We did not allow exposed agents (status E) to progress to an infectious stage (I or A) since we were interested in finding out how many infections within the household would result from a single infected household member, as opposed to added secondary infections in later days. At the end of each trial, the specific probability of infection (\(\pi _n\)) in each household \(H_n\) was calculated by dividing the number of exposed agents in the household (\(E_n\)) by the size of the household \(|H_n|\) less 1 (accounting for the member initially infected).
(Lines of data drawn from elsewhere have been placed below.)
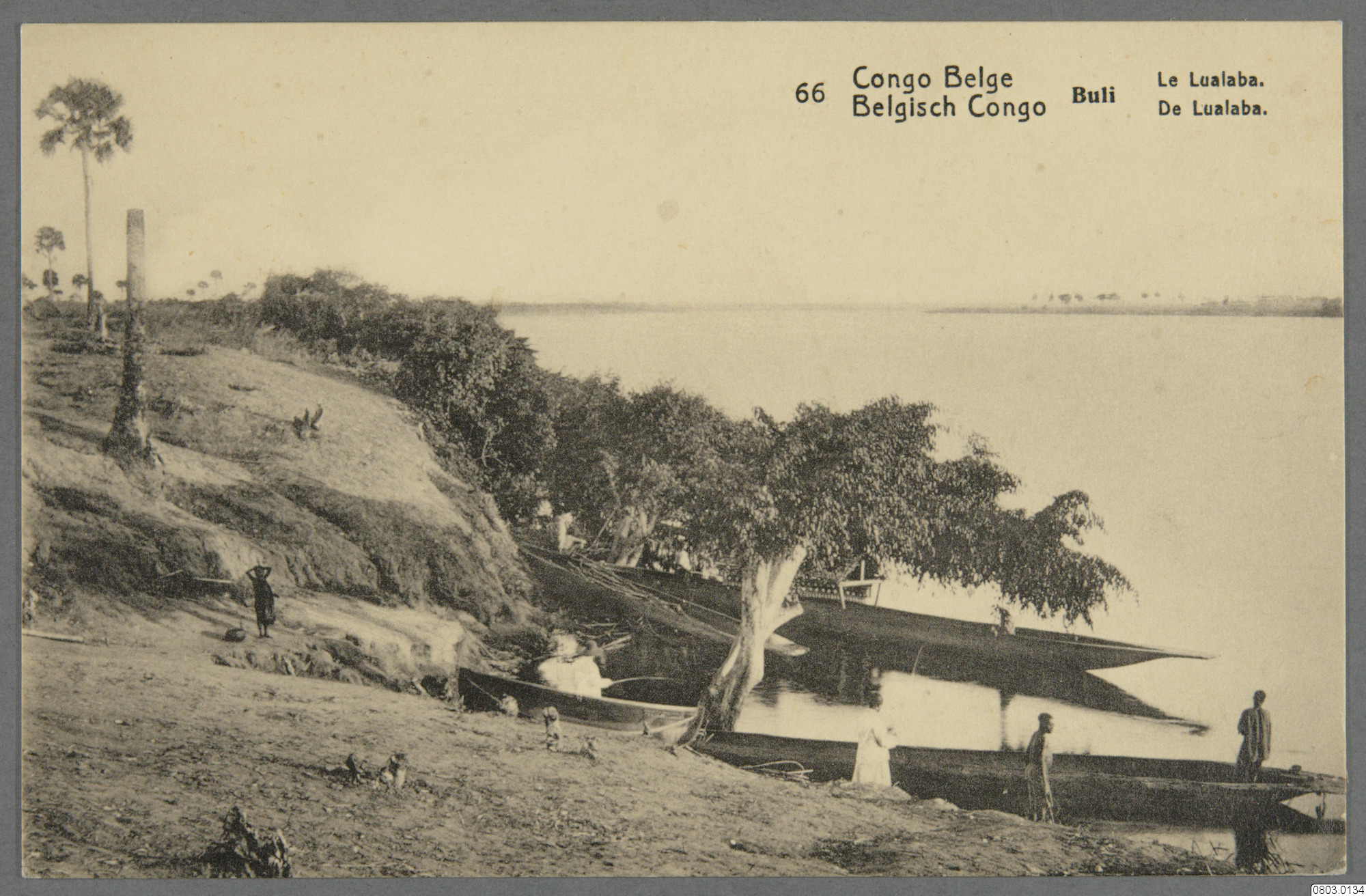 Vykort med motiv av båtar och människor vid strandkanten i Lualaba, träd hänger över vattnet. Text på framsida: "Congo Belge, Belgisch Congo, Buli, Le Lualaba, De Lualaba." Text på baksida: "Congo Belge, Belgisch Congo, Carte Postale, Postkaart, Correspondance, Briefwisseling, Adresse, Adres."
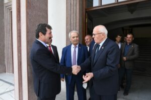 Vali Orhan Tavlı ve muhtarlar Ankara’da Saygıdeğer Cumhurbaşkanımız Recep Tayyip Erdoğan ve İçişleri Bakanımız Sayın Süleyman Soylu ile birlikte 19 Ekim Muhtarlar günü nedeniyle Ankara’da bulunan muhtarların katılımıyla yapılan Muhtarlar Evi açılışı ile 100 Muhtarlık Hizmet Binası temel atma törenini Canlı bağlantı ile takip etti.
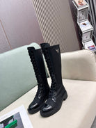 LACE-UP KNEE BOOTS IN BLACK DENIM AND SHEEPSKIN LINING
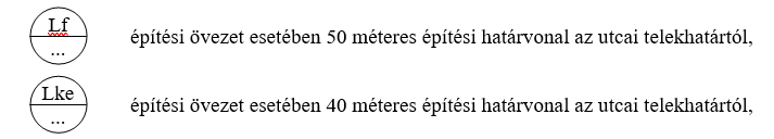 d) ÉPÍTÉSI VONAL Az építési vonalat a szabályozási terv szerint kell meghatározni, ha az övezeti szabályozás másként nem rendelkezik. A szabályozási terven az alábbi jelölések használatosak:
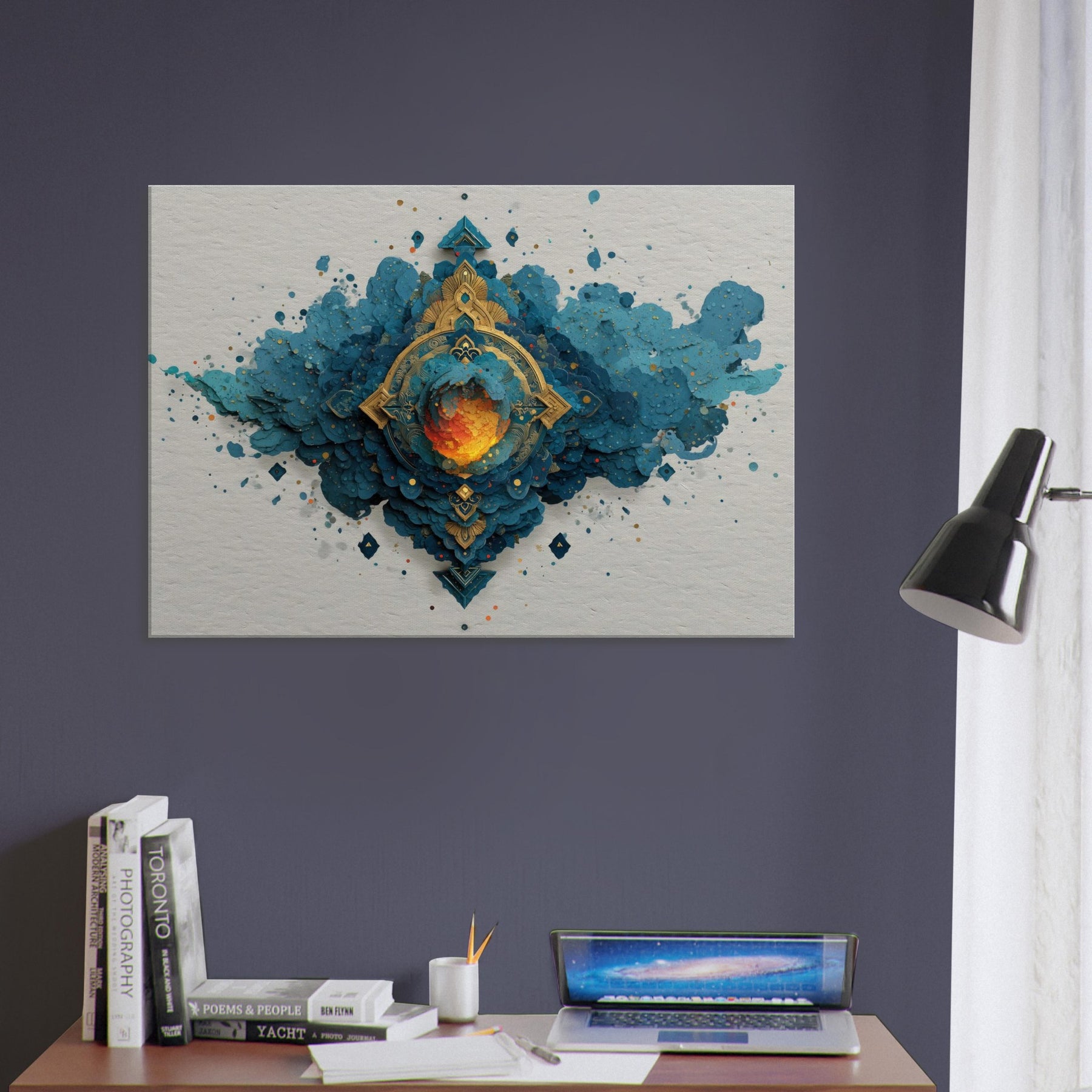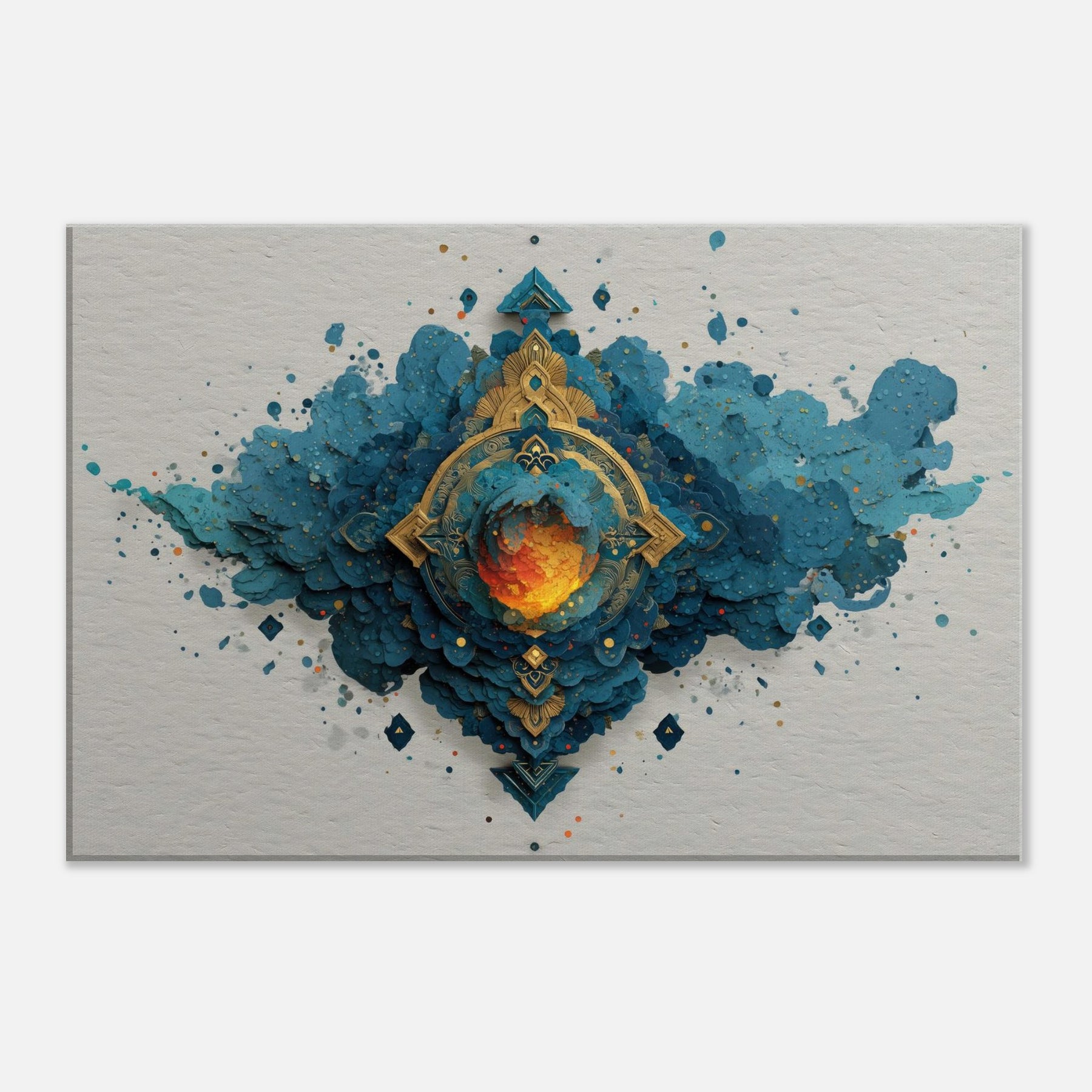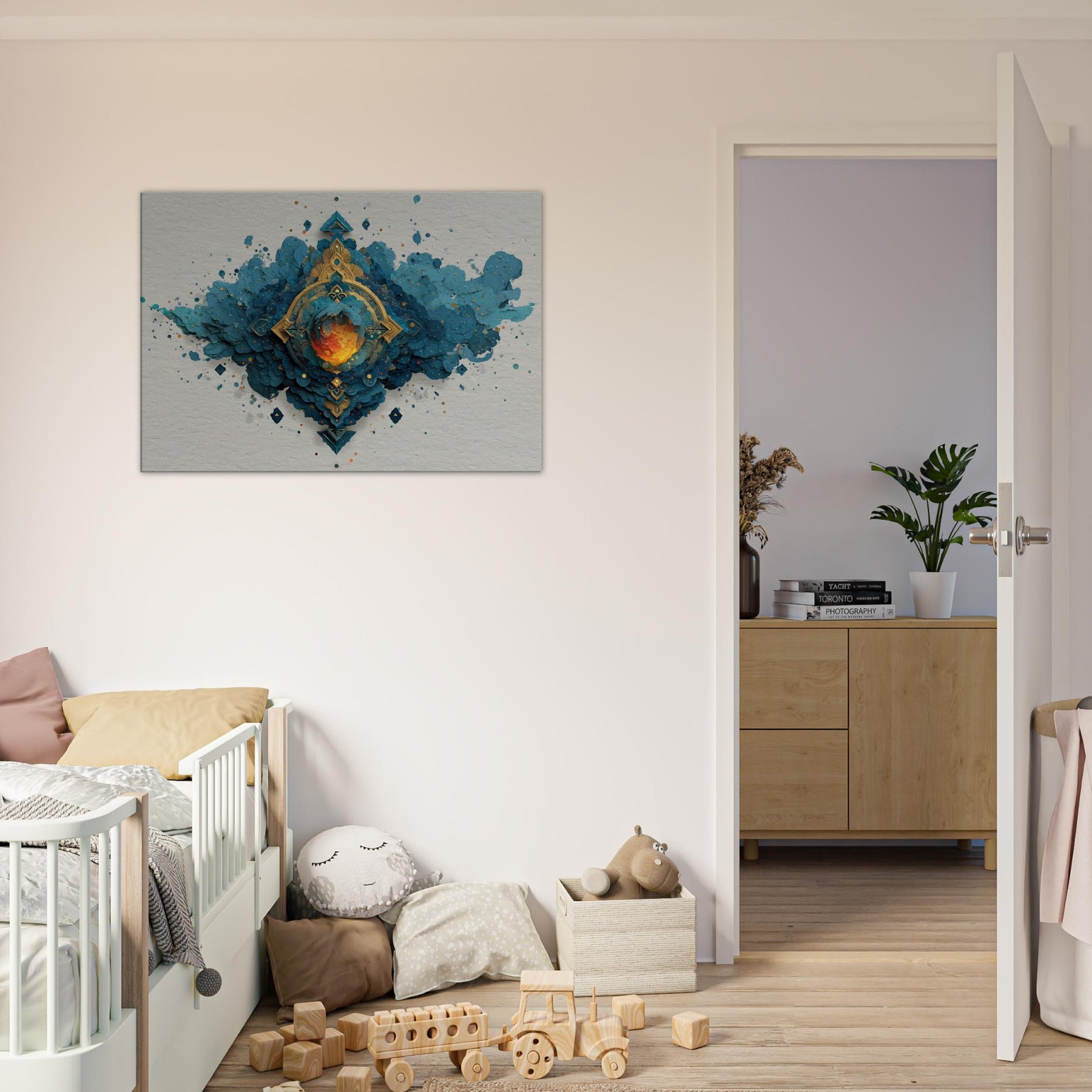 As the primary subject, Smudge Smoke Swirl unfurls in tones of deep teal and molten gold, carrying your space into a whispered horizon of possibility. This abstract, mystical composition breathes like a breath of wind blue veils curling around a radiant core of molten orange and gold. The delicately wrought geometric frame anchors the swirl, lending a temple like calm to any wall. In a living room or study, it becomes a meditative focal point inviting quiet reflection, soft light, and an atmosphere of refined mystery that sensorially elevates the daily experience.

Single occupant households (\(|H_n|=1\)) were excluded from the calculation. The total probability of infection \(\pi\) was then taken as the mean of all \(\pi _n\), so that

$$\begin{aligned} \pi =\frac{1}{D}\sum _{n}\pi _n=\frac{1}{D}\sum _{|H_n|\ge 2}\frac{E_n}{|H_n|-1}, \end{aligned}$$
(4)

where D represents the total number of multiple occupancy households in the simulation. This modified disease simulation was run for 2000 trials each of different prospective values of \(\beta ^H\) ranging from 0 to 0.21. The means of all corresponding final estimates of the infection rate were taken per value of \(\beta ^H\), and the value corresponding to a infection rate of \(15\%\) was interpolated.

Simplifying assumptions

Our model makes simplifying assumptions that may influence its predictions. For instance, we assume that classrooms are homogeneously mixing and did not take social structure into account. Social structure might slow the spread of COVID-19 in classrooms. We also assumed that public health authorities will respond to a confirmed case by closing the classroom, although in practice, they may keep the class running if they think the case does not represent an infection risk to children or adults. This would reduce the number of student-days lost to closure. Similarly, we did not account for potential contacts between school children outside of classes, although students of a classroom that has been closed may still interact with their classmates outside of school. Other simplifying assumptions are mentioned in the “Discussion” section.